【深層】を読む プロ運用者の行動原理 相場が一方通行化する背景

概況


配分変更には長時間を要す

高値を狙いつつも、急速に進む円安に対する警戒感も強い相場が最近の特徴だ。消費税10%への引き上げの決断を控えて、景気への期待感と不安感が交錯する中では、いろいろな要素に神経質にならざるを得ない格好だ。

東京市場で売買の多くを担っている海外投資家からしても、急速な円安進行は悩ましいところだ。日本経済が、以前ほどではなかったとしても、円安でメリットを受けるのは、彼らも理解している。しかし、ドル建てで運用成績を見る場合、せっかくの値上がり益が円安によって打ち消されてしまい、世界全体で見れば、良くて「並」の相場に見えてしまう。もちろん、ほかに「並」よりも高成績の市場が無いとなれば、消去法的な選択により日本株に資金が向かう可能性はあり、現状は、それがある程度効いているだろう。しかし、ほかに「並以上」の市場が出てくれば、資金が一気に逃げ去るリスクも抱えている。

年金資金やヘッジファンドなどにかかわらず、プロとして運用を担当している者からすれば、どんな相場環境であっても、運用成績が他人より劣後することは許されない。そのため、少しでも運用成績を向上させる要素があれば、ファンダメンタルズの要素からみるとベストな選択ではなくても、その市場に資金を向ける傾向が強い。
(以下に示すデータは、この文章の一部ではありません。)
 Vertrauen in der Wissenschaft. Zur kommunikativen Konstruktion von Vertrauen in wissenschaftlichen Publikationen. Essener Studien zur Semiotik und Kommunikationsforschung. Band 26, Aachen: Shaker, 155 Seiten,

個人投資家には、「何もしない」とか「現金にして放置しておく」選択肢があるが、プロの運用者には多くの場合、運用資産を現金にして放置することは、運用方針から許されない場合が多い。プロの運用担当者が年金資金等の運用資産を受託する場合、「現金比率は◯×%以下」などと定められている場合が多く、どんな状況においても、定められた資産に対してフルに投資すること(フルインベストメントと呼ぶ)が義務付けられているのが通常だ。「あなたに運用を託している以上、どんな状況においても“運用”をしてください」という意味合いがある。つまり、どれだけ相場が低迷すると予想されていても、そして相場全体が下落すると予想されていても、現金にして放置することが許されていない。そのため、世界的に相場が下落すると予想されるならば、許される範囲の商品や市場において、もっとも下落リスクが小さいと考えられるところに資金を集中させることになる。
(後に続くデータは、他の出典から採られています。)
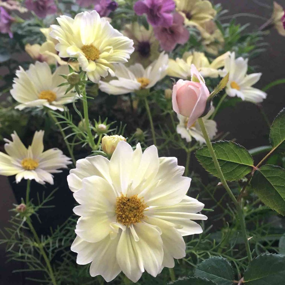 ソフトイエローのコスモスに囲まれてみました😻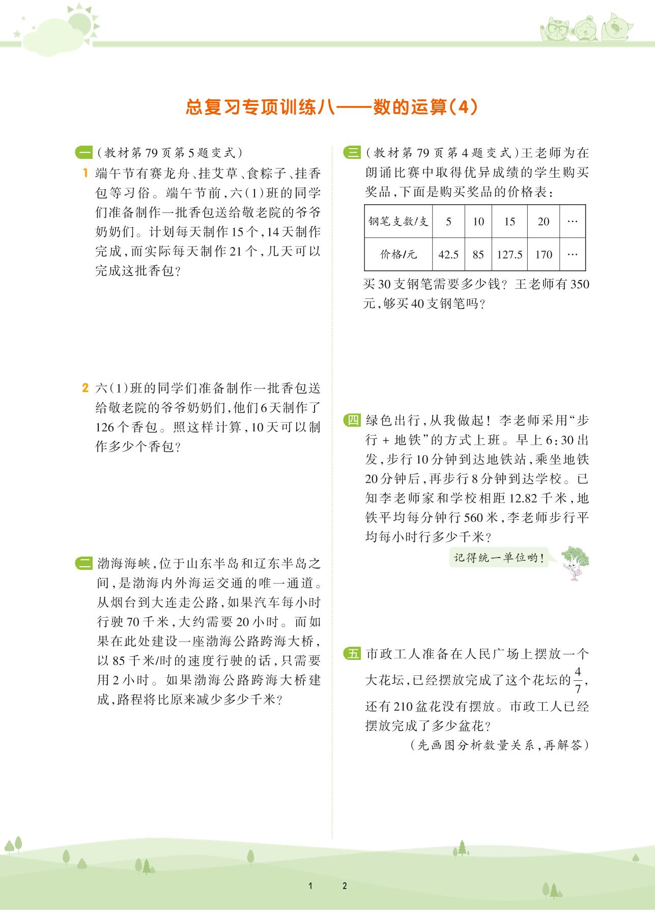 2021下册六年级数学苏教版 第七单元 总复习 数与代数——总复习专项训练八 数的运算(4)

一方、運用資産を預託する資金の出し手からすれば、世界的に株式市場の下落リスクが高いと考えているならば、資金を預託する段階で全体の分配から株式に向かわせる資金を減らす手段を取る。これをアセットアロケーションと呼び、広い視野から方針を定める必要がある。そのため、アセットアロケーションの変更にはかなりの時間がかかるのが通例で、素早く動いたとしても年度単位、年金資金等の中期計画では、5-10年単位での変更は珍しい話ではない。つまり、日々の相場に対応するような変更は、まず不可能だ。
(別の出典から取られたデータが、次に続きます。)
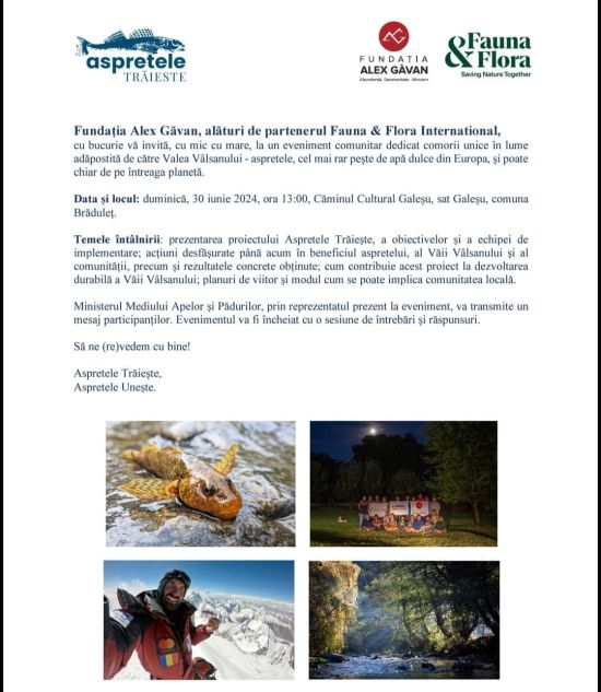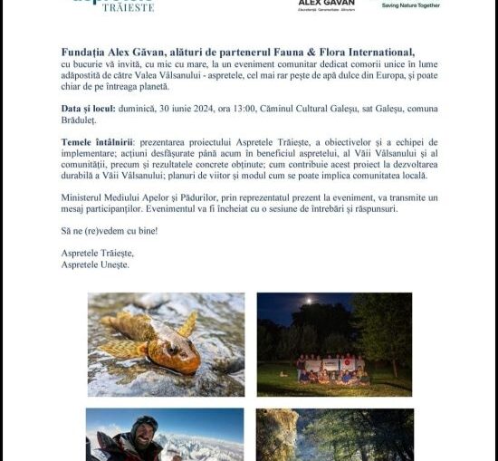 Duminică, 30 iunie, orele 13:00, la Căminul Cultural Galeşu, va avea loc prezentarea proiectului „Aspretele Trăiește”, de către Fundația Alex Găvan, alaturi de partenerul Fauna&Flora.

こういった性格の資金が多い中では、運用担当者は、日々の市場環境に対応して、より運用成績が向上する、もしくは運用成績の劣化を避ける可能性が高いところに資金を向けることになる。そして、最近の傾向として、他者と比較する相対的な成績対比が主流化しており、誰かが動けば他者が追随するといった一方通行的な傾向が強くなっている。運用担当者の差が見えにくくなり、運用担当者が全体として同一方向に動く傾向が強まっているのだ。

個人投資家としては、こういった市場の大きな部分を占める資金量の大きな投資家の行動原理、行動心理、行動原則を理解し、可能であれば先回りするだけの余裕を持ちたい。